## WHAT TO DO
Reproduce all of the data exactly. Images are not to appear in the reply.

## RAW DATA
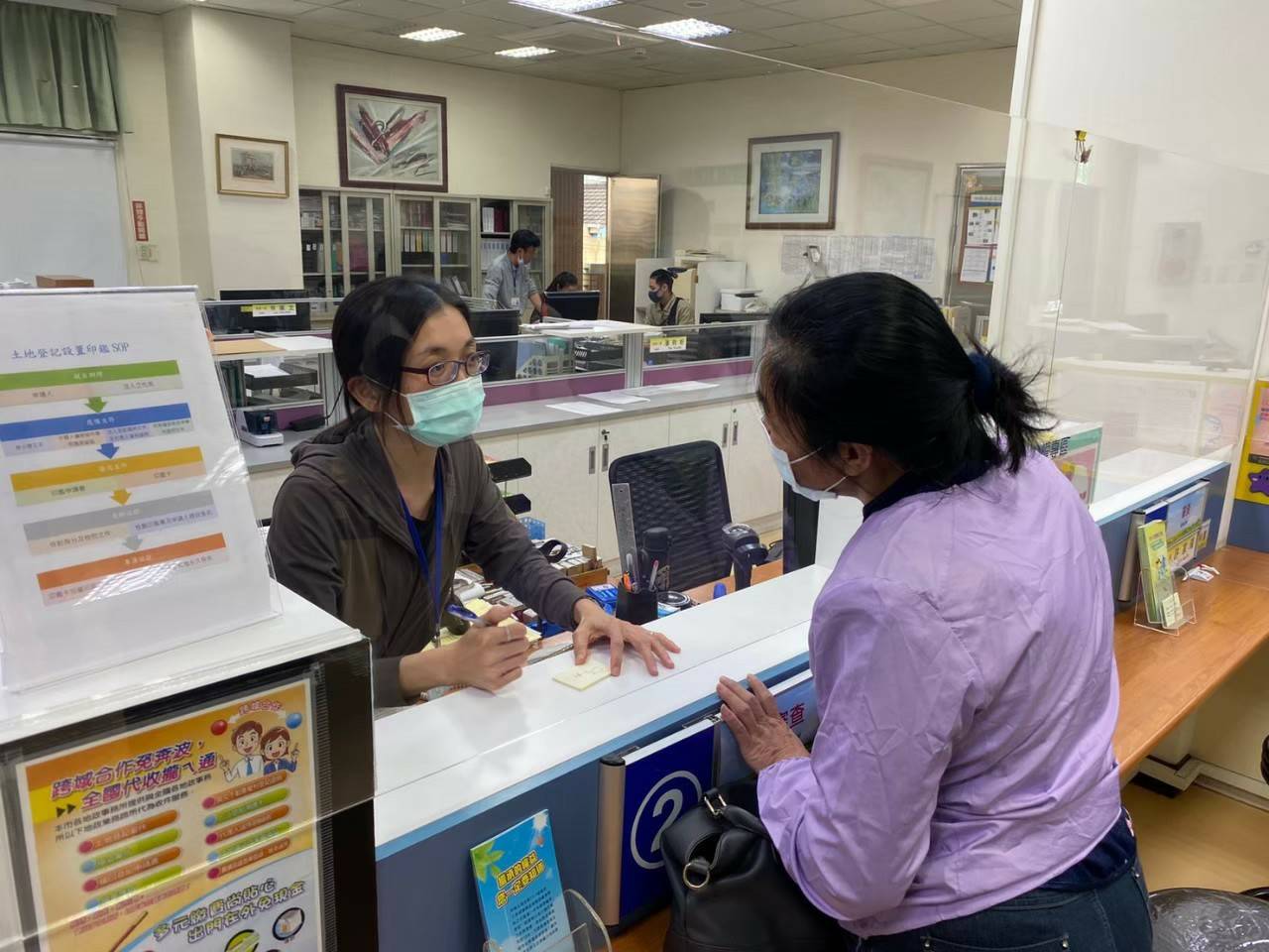 台中市地方稅務局東勢分局與東勢地政事務所合作,為東勢山城高齡人口服務,民眾在東勢地所辦理土地繼承登記時,若土地上建物是未登記建物房子,地政人員除主動告知民眾至地方稅務局辦理房屋稅籍異動外,並於辧畢土地繼承登記後,將資料移送地方稅務局東勢分局協助民眾辦理房屋稅籍異動,保障民眾繼承財產權益。
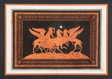 18th century hand-colored engraving, with and unusual dynamic scene of a goddess riding a chariot pulled by two horses fighting off an attack by two griffins. With a heart-form in white above. From Lord Hamilton's folio, "Antiquités Etrusques, Grecques et Romaines", (1766-1776). This is a really nice etching, large size with vibrant color and in very good condition. Beautifully matted and framed in gilt wood.
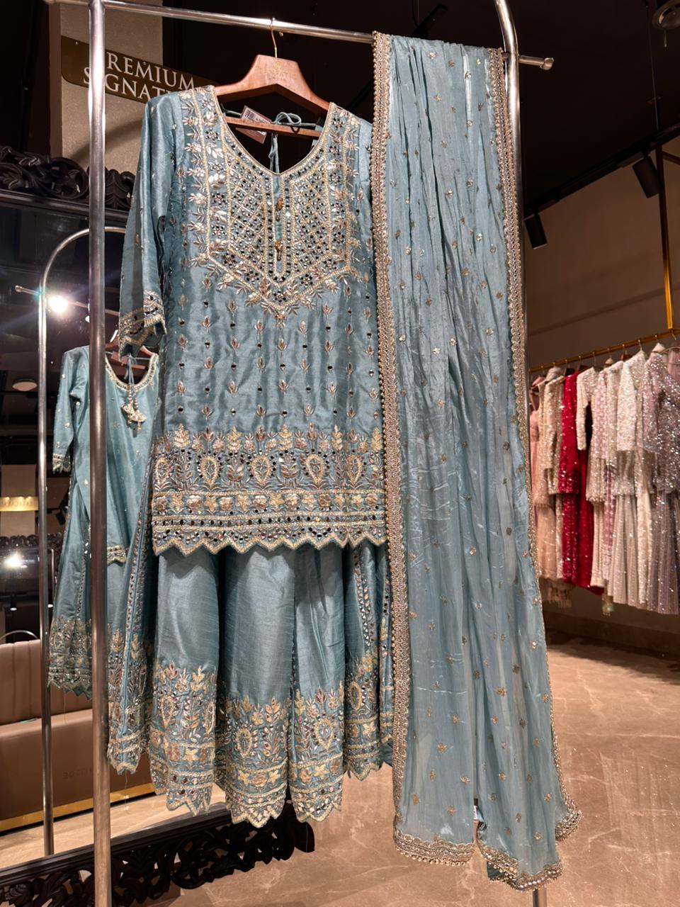 Elegant banarasi silk embroidery sharara set
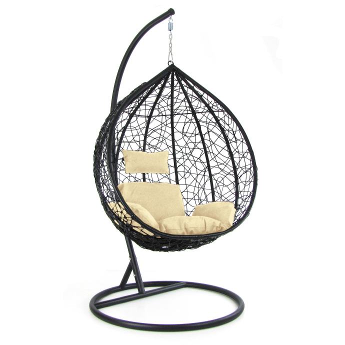 Luksuzna viseća stolica ljuljačka košara od poliratana s okvirom crni

## RESPONSE TO THE TASK
 台中市地方稅務局東勢分局與東勢地政事務所合作,為東勢山城高齡人口服務,民眾在東勢地所辦理土地繼承登記時,若土地上建物是未登記建物房子,地政人員除主動告知民眾至地方稅務局辦理房屋稅籍異動外,並於辧畢土地繼承登記後,將資料移送地方稅務局東勢分局協助民眾辦理房屋稅籍異動,保障民眾繼承財產權益。
 18th century hand-colored engraving, with and unusual dynamic scene of a goddess riding a chariot pulled by two horses fighting off an attack by two griffins. With a heart-form in white above. From Lord Hamilton's folio, "Antiquités Etrusques, Grecques et Romaines", (1766-1776). This is a really nice etching, large size with vibrant color and in very good condition. Beautifully matted and framed in gilt wood.
 Elegant banarasi silk embroidery sharara set
 Luksuzna viseća stolica ljuljačka košara od poliratana s okvirom crni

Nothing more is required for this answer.